Re: can subqueries be executed first in SPARQL?

On Jun 16, 2016, at 2:36 PM, Peter F. Patel-Schneider <pfpschneider@gmail.com> wrote:
> 
> https://www.w3.org/TR/sparql11-query/#subqueries says
> 
> Due to the bottom-up nature of SPARQL query evaluation, the subqueries are
> evaluated logically first, and the results are projected up to the outer query.
> 
> I think that this is incorrect.  For example, in
> 
> SELECT ?x WHERE {
>  ?x :a :b .
>  FILTER EXISTS {
>    SELECT ?x WHERE { ?x :a :b } HAVING ( COUNT(*) = 1 )
>    }
>  }

I’m not sure this specific example makes sense. The subquery involves aggregation, but attempts to project a variable that is neither aggregated nor a part of a GROUP BY clause. The semantics of EXISTS variable substitution *might* give an intuitive answer because ?x will be replaced with a constant term during evaluation, but I believe the intention of §11.1 is for this to be a syntactic restriction.

FWIW, Andy’s SPARQL validator seems happy to produce an algebra for your example query, but if you try to validate just the subquery, it’ll complain about a syntax error.

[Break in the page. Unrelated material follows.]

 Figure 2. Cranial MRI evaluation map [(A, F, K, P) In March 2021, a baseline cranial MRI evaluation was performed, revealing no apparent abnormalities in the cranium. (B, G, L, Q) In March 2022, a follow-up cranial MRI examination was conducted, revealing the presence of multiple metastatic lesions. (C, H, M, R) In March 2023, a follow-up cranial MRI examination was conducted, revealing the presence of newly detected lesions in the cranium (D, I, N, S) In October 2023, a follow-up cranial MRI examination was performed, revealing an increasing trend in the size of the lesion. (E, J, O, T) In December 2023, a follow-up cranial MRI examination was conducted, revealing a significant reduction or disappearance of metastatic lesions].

> The inner select is not even known until the bindings for ?x in the outer
> query have been determined because EXISTS uses substitution into the inner
> query.  (Whether that is a good idea or not is a separate issue.)
> 
> I ran into this issue when reading https://scirate.com/arxiv/1606.01441
> I believe that the sentence I quote above is the one that the authors indicate
> that Fuseki and Blazegraph are using to support their implementation of
> subqueries inside EXISTS.
> 
> 
> I suggest that there be an erratum removing this sentence.

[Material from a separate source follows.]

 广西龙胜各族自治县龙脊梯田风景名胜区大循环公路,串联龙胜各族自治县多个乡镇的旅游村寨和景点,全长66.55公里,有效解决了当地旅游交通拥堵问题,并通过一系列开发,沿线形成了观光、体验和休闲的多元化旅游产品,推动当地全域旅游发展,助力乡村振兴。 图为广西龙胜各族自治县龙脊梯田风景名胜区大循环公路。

The wording here is a bit awkward, but I believe the subquery evaluation is still occurring first *within the context of the evaluating the EXISTS pattern*. For example, had your filter clause looked like:

?x :a :b .
FILTER EXISTS {
 ?x ?y ?z
 SELECT ?x WHERE { ?x :a :b } HAVING ( COUNT(*) = 1 )
}

then the sub-query would be evaluated before the 1-triplepattern BGP {?x ?y ?z} that it joins with, but after {?x :a :b} is evaluated and the ?x variables are substituted in the EXISTS pattern body.